# [Brief]
Leaving out every picture, copy the lines of the data exactly, from the first through the line containing "clean, simple, businessperson, meeting".

# [Given information]
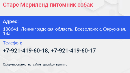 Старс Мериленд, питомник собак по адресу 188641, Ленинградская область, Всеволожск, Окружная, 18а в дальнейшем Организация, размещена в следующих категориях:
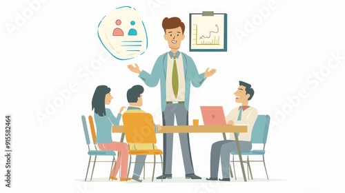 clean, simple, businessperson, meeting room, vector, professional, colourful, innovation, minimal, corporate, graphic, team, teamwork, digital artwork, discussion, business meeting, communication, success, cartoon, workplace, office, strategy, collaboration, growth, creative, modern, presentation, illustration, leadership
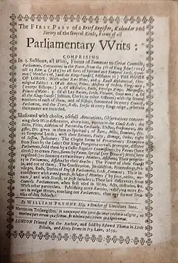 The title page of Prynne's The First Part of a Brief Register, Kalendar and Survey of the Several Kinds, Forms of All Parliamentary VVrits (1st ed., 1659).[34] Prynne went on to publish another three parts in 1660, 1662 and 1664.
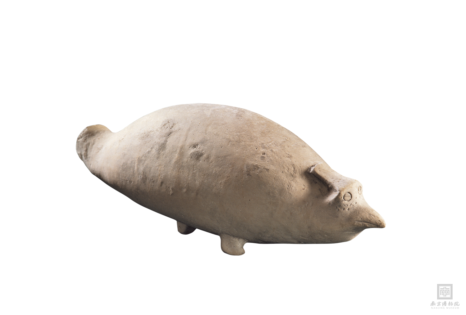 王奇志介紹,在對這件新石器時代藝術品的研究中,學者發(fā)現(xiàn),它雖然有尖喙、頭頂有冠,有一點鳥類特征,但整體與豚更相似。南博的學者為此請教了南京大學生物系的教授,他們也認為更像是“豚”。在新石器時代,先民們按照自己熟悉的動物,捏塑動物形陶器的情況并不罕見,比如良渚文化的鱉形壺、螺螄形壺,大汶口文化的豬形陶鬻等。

# [Written answer]
 Старс Мериленд, питомник собак по адресу 188641, Ленинградская область, Всеволожск, Окружная, 18а в дальнейшем Организация, размещена в следующих категориях:
 clean, simple, businessperson, meeting room, vector, professional, colourful, innovation, minimal, corporate, graphic, team, teamwork, digital artwork, discussion, business meeting, communication, success, cartoon, workplace, office, strategy, collaboration, growth, creative, modern, presentation, illustration, leadership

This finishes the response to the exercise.